[[ INPUT DATA open ]]
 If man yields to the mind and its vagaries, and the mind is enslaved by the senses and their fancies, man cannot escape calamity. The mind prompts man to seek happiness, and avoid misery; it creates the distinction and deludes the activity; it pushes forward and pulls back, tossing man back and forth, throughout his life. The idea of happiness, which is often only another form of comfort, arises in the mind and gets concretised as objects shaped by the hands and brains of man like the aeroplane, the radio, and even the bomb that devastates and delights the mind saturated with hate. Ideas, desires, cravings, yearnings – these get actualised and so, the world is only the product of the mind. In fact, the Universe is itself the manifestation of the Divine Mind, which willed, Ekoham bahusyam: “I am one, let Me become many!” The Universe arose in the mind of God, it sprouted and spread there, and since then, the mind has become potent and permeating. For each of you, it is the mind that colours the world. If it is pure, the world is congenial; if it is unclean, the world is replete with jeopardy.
[[ INPUT DATA closed ]]
[[ INPUT DATA open ]]
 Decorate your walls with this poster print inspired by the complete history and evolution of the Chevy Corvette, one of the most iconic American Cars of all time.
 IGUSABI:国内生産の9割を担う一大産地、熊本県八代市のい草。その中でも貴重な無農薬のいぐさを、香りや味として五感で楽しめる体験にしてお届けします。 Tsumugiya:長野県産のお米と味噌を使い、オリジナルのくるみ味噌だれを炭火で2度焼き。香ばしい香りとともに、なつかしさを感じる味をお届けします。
[[ INPUT DATA closed ]]
== WHAT IS EXPECTED ==
Report how many lines of the records above contain the word "with", giving only the number.

== SOLUTION TO THE PROBLEM ==
2